(Items from a data source)
Start of Block

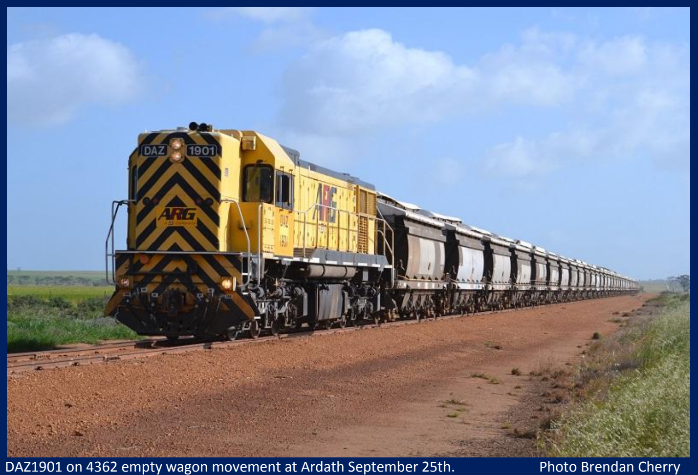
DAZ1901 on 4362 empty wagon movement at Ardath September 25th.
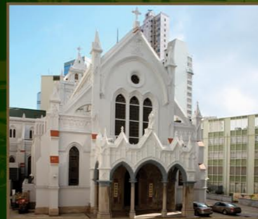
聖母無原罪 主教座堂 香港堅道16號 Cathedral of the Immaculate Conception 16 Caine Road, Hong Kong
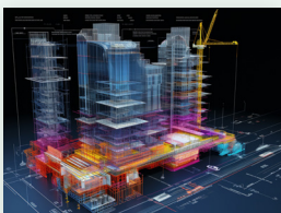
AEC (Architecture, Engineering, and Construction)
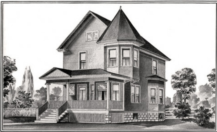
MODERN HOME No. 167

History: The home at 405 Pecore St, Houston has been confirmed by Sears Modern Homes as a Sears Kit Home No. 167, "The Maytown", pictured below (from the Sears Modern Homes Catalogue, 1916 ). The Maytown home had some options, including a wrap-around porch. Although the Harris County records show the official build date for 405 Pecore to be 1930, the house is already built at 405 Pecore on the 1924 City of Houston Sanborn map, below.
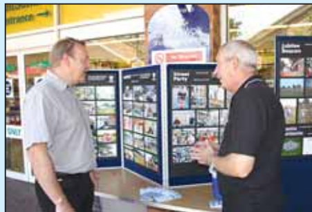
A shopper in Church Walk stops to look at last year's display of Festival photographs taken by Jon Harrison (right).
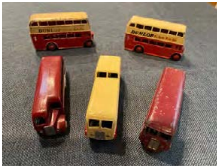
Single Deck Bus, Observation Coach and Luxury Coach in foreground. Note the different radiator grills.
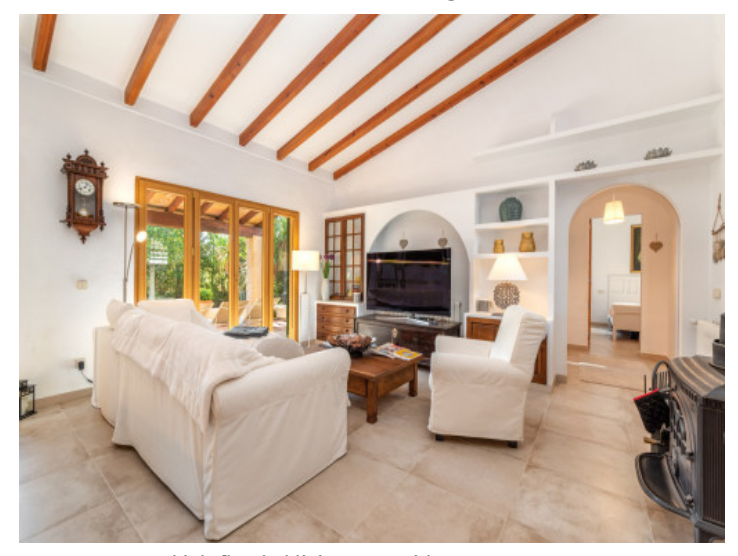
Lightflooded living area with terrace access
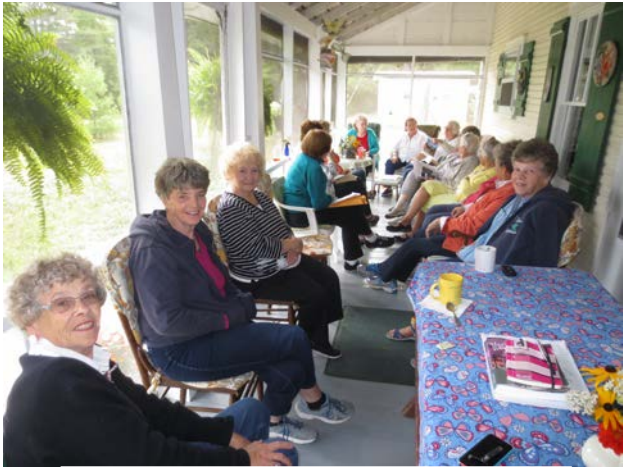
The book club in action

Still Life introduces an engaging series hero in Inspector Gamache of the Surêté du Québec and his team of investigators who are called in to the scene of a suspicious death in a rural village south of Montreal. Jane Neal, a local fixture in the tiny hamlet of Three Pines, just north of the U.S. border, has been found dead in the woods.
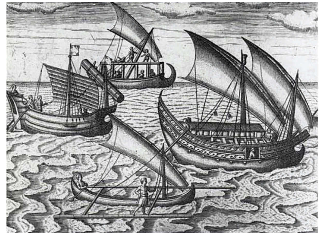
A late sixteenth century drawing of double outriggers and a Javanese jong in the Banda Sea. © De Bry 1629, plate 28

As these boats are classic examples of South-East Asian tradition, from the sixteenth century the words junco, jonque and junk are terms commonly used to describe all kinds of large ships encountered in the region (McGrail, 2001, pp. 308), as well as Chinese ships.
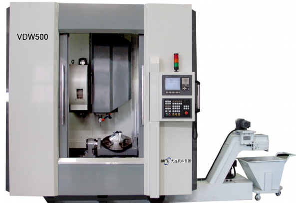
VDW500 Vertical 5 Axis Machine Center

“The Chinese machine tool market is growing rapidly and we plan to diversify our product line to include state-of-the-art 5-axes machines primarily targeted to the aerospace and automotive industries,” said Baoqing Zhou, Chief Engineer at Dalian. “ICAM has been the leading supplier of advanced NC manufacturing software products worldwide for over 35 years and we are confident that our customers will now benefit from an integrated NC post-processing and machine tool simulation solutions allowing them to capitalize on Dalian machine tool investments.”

End of Block
Start of Block

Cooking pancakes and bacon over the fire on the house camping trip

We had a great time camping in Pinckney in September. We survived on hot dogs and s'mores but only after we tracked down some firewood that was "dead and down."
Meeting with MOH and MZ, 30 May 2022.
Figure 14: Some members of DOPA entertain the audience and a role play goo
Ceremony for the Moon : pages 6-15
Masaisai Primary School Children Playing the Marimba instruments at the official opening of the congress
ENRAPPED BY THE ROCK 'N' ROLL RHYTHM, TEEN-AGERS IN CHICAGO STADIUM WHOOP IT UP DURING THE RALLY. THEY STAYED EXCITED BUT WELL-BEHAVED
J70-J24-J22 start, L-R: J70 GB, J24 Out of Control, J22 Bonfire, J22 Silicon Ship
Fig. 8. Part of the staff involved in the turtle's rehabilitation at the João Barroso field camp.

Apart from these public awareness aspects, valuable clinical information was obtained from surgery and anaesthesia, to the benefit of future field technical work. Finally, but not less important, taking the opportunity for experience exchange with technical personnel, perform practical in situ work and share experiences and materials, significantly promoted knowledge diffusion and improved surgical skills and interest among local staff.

End of Block

From the records given above, copy all lines containing "sixteenth".

■ SOLVED PROBLEM ■
A late sixteenth century drawing of double outriggers and a Javanese jong in the Banda Sea. © De Bry 1629, plate 28
As these boats are classic examples of South-East Asian tradition, from the sixteenth century the words junco, jonque and junk are terms commonly used to describe all kinds of large ships encountered in the region (McGrail, 2001, pp. 308), as well as Chinese ships.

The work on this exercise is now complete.